После этого молодые украинцы, как и все члены других делегаций, в качестве зрителей наблюдали за «интеллектуальными поединками» между Кюльманом и Троцким, однако, поскольку украинская делегация заявила, что не является частью советской делегации, были предприняты все меры, чтобы максимально отдалить и отделить ее от контактов и согласованной работы с большевиками, по поводу чего был выражен протест со стороны Троцкого.

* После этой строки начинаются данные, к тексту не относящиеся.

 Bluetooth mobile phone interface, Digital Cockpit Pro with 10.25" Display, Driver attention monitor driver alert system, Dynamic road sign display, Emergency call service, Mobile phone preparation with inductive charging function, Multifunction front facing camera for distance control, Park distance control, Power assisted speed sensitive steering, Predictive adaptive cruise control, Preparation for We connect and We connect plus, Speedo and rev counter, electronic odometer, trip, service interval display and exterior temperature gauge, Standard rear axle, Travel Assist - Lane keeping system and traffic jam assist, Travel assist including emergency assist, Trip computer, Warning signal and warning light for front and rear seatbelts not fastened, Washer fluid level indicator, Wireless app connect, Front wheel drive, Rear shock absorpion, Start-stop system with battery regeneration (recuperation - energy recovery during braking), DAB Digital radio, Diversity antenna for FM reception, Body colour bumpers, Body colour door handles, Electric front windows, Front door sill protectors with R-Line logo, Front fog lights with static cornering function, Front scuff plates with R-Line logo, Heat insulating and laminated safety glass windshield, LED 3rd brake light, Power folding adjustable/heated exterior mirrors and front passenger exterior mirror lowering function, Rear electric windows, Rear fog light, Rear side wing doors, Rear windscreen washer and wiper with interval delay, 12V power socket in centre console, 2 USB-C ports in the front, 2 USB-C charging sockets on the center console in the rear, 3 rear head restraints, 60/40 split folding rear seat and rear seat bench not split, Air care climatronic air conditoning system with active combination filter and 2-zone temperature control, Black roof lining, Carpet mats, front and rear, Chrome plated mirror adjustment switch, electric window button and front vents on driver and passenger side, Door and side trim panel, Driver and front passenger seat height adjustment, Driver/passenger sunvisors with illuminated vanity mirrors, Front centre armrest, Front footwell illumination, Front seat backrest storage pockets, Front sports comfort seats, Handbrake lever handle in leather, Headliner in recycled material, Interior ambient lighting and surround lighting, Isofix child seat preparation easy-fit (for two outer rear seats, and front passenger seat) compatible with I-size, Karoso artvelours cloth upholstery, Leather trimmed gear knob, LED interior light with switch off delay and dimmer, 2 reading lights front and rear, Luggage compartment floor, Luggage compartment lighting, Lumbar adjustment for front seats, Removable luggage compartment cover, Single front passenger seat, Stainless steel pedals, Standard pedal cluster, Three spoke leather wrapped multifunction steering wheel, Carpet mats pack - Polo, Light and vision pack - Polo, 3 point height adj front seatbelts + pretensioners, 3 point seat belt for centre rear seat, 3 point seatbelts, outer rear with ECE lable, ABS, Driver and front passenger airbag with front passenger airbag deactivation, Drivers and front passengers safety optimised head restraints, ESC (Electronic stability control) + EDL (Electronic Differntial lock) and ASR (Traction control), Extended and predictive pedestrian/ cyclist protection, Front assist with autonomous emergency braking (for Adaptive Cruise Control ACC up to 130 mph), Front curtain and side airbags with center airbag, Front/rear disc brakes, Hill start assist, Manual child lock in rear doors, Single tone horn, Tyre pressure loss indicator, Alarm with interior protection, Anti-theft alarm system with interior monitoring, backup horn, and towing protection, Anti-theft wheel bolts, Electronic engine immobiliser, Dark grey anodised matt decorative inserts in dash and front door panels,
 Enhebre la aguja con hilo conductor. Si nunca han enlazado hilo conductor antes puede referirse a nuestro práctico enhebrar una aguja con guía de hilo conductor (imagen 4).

Когда 1 января 1918 г. стало ясно, что эти состязания в риторике между Кюльманом и Троцким могут длиться бесконечно, Гофман предложил Чернину провести с его согласия переговоры с украинской делегацией относительно того, на каких условиях она готова заключить мир. Чернин согласился, и нельзя сказать, что он сделал это неохотно: к этому моменту он не просто смертельно устал, а чувствовал себя совершенно больным человеком и был не в состоянии вести споры с бесшабашными, легкомысленными и безрассудными молодыми революционерами; а тем более он ежедневно получал сообщения из Вены о постоянном нарастании продовольственного кризиса, вызванного некомпетентностью его австрийского коллеги и крайним эгоизмом венгерского премьер-министра.

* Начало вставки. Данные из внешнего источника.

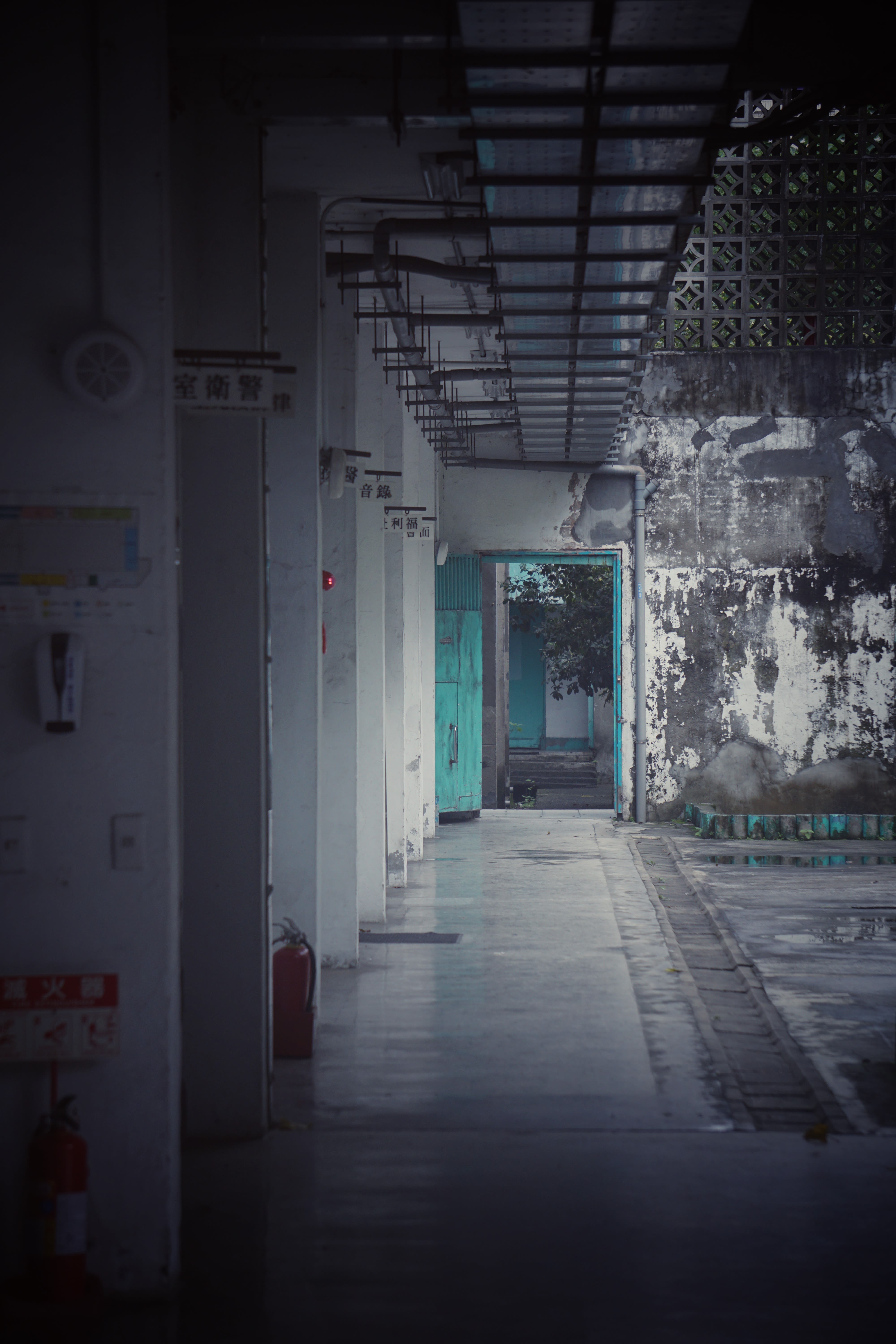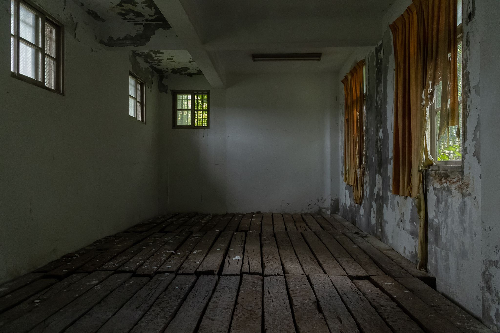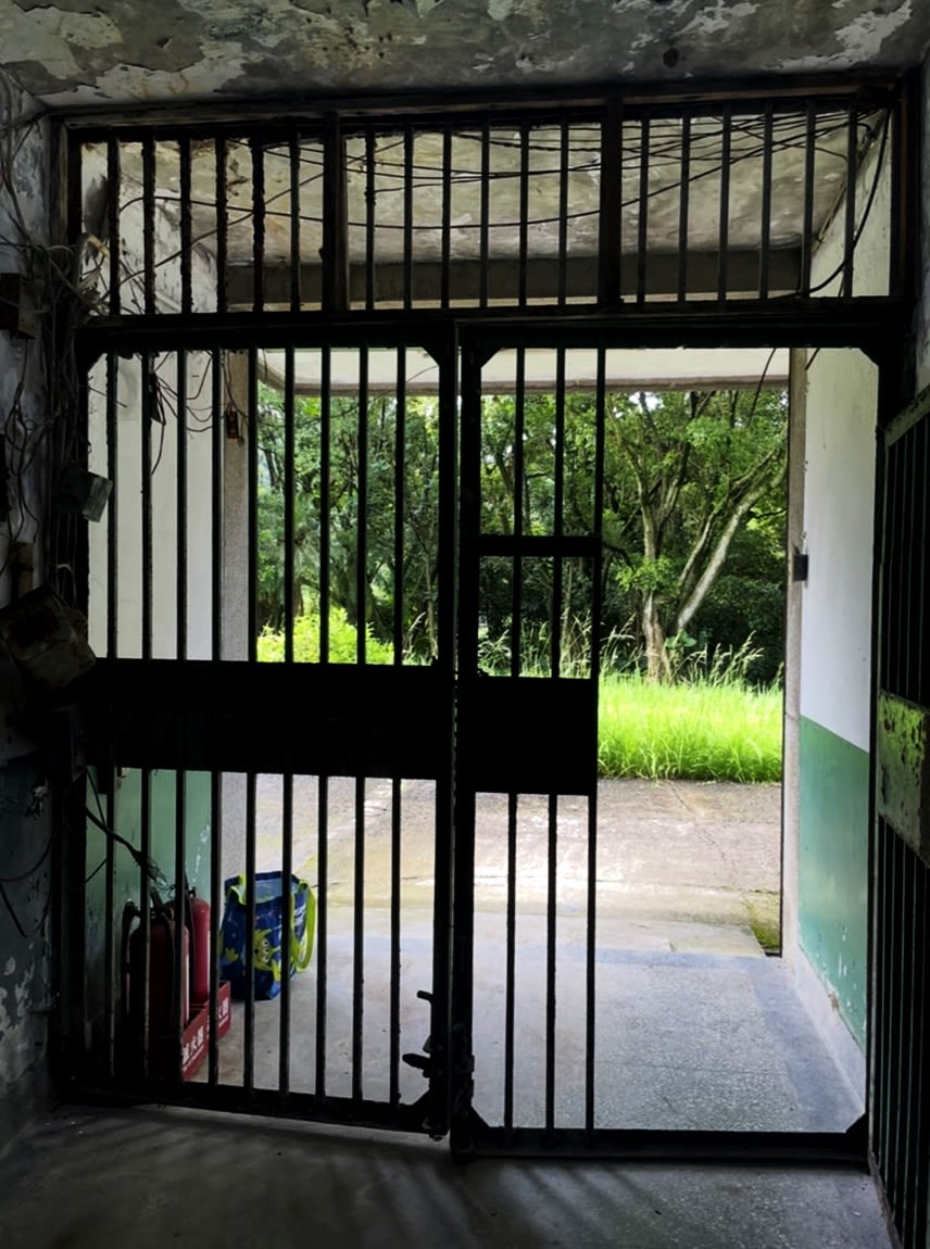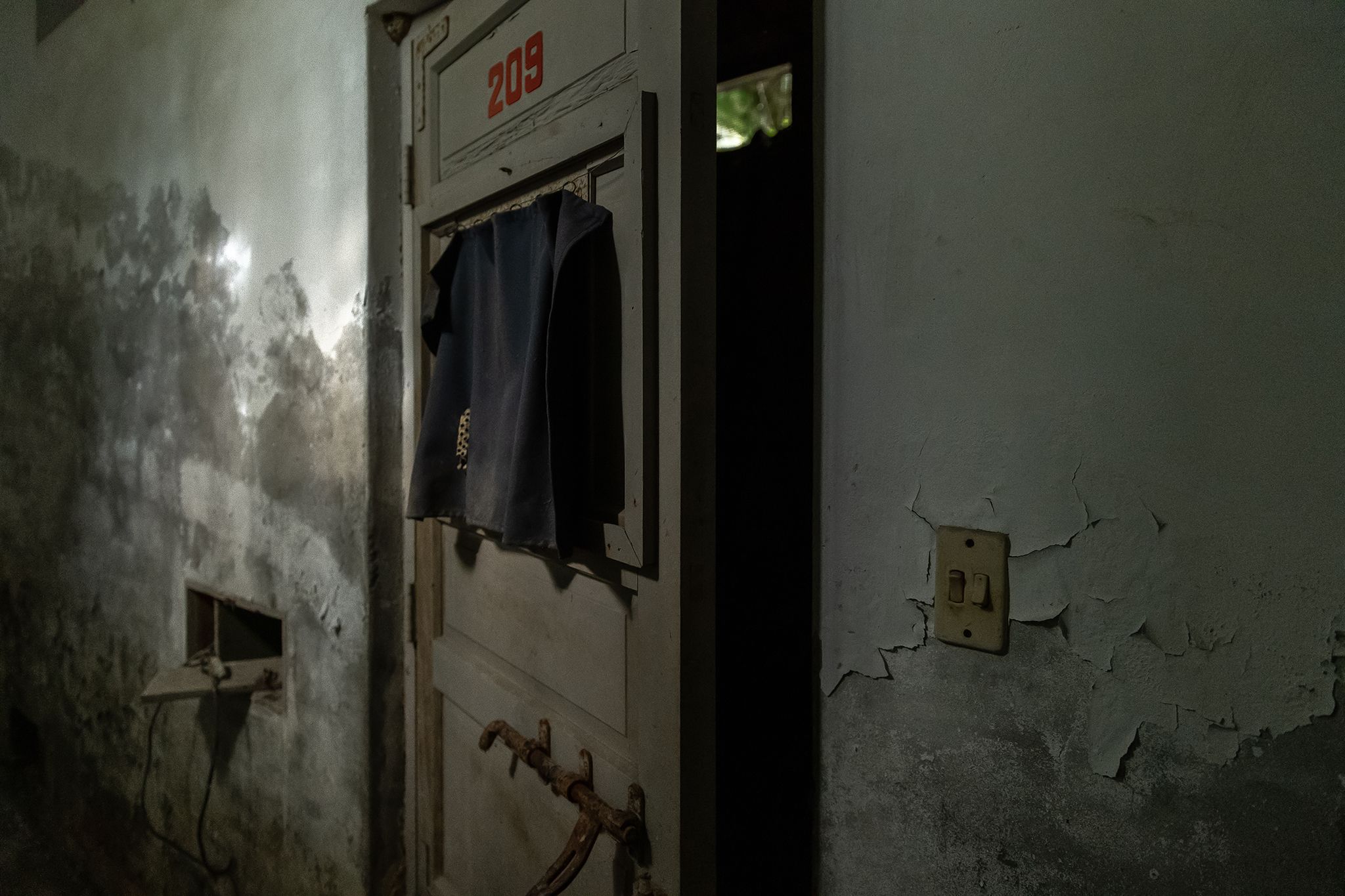 走过生鏽大门,进入接待室,内部的阴暗空间,与室外的阳光形成鲜明对比。空气中充满霉味,天花板沉重腐朽,不时飘下油漆木屑。

Члены украинской делегации говорили много и охотно, когда речь шла об их общих планах, но стали гораздо менее разговорчивыми, когда пошел конкретный разговор, основанный на жестких фактах. Гофман, однако, был выдержан и терпелив и с помощью своего начальника разведки майора Хея, который выступал в роли переводчика (Гофман говорил и писал по-русски, но не знал украинского, а молодые люди принципиально говорили только на своем родном языке), выяснил, что украинские представители рассчитывают присоединить к Украине районы вокруг Холма, а также некоторые области Галиции и Буковины.
При естественном развитии событий Холмская область должна была стать естественной составной частью самостоятельного польского государства, когда была бы проведена делимитация его границ, и только ее восточная оконечность должна была быть отнесена к Украине. Но Гофман с его солдатским реализмом всегда считал идею независимой Польши не более чем утопической и несбыточной мечтой; естественно, претензии несуществующего государства не должны были стать препятствием на пути заключения мира с Украиной, поэтому Гофман под свою личную ответственность обещал украинской делегации поддержать их притязания на Холмскую область.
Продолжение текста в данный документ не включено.